Given the speed with which technology is developing, it’s surprising how slowly change is progressing. “I predict it will be three to five years before we see genuine transformational shifts,” Shaw says. “On the horizon, I think governments will continue to look into funding new models of care supported by technology,” he says. “A key block at the moment is our inability to link primary and acute data, and I think we’ll have some real breakthroughs in this area. I also hope better legal and legislative structures will be developed within the next two years. The governance and ethics frameworks we currently have for data access and usage are not fit for purpose.”

NAB is also considering new ways to support healthcare providers, such as funding integrated care.

“Integrated health hubs will   include a dietitian, physio and pharmacist along with GPs,” Galvin says. “These one-stop shops can help manage the treatment of chronic conditions as well as preventative health.”

Shaw also believes that consumers and healthcare providers will become more accepting of change.

“Health professionals are, quite rightly, a conservative group who want to see evidence that something new is worthwhile, and more evidence is emerging every day,” he says.

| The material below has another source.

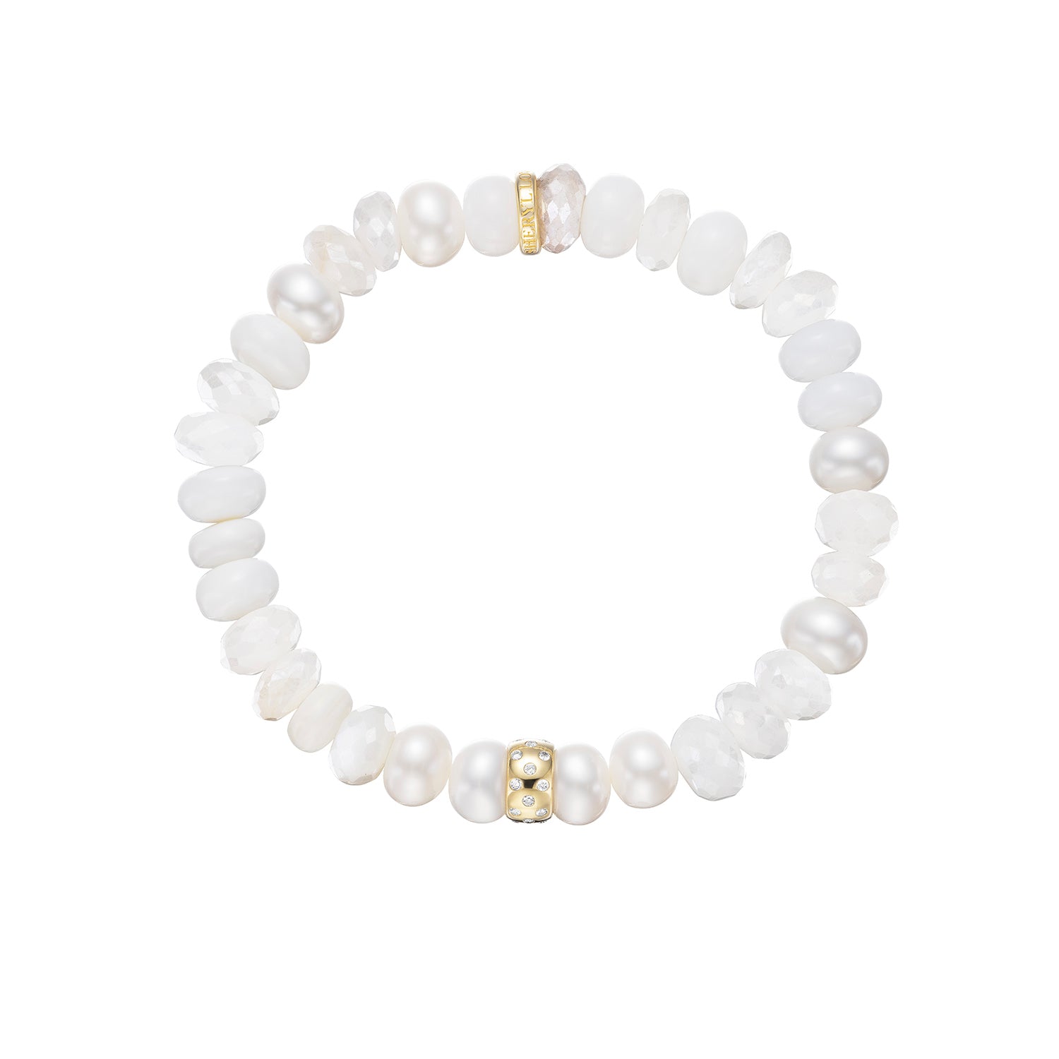 - 8mm smooth and faceted rondelle beads: one 8mm scattered flush set diamond rondelle

“We also need new ways of working with communities to ensure they feel comfortable we’re using their data in positive ways.”

Tim Shaw suggests three ways to effect transformation

  1. Broaden our view of telehealth Recognise that telehealth is not limited to video consultations but has the potential to include a wide range of services that use different technologies to meet different needs.
  2. Use data to facilitate personalised care Acknowledge that both having access to data when you need it and the free flow of data throughout the system are pivotal to transformation. In order to apply the sophisticated analytics needed for personalised care, we need to link data from primary and acute settings.
  3. Introduce new funding models Consider ways to reward practitioners for keeping patients well, not just treating them when they’re unwell, so they’re more motivated to use technologies to reduce people’s interactions with the health system.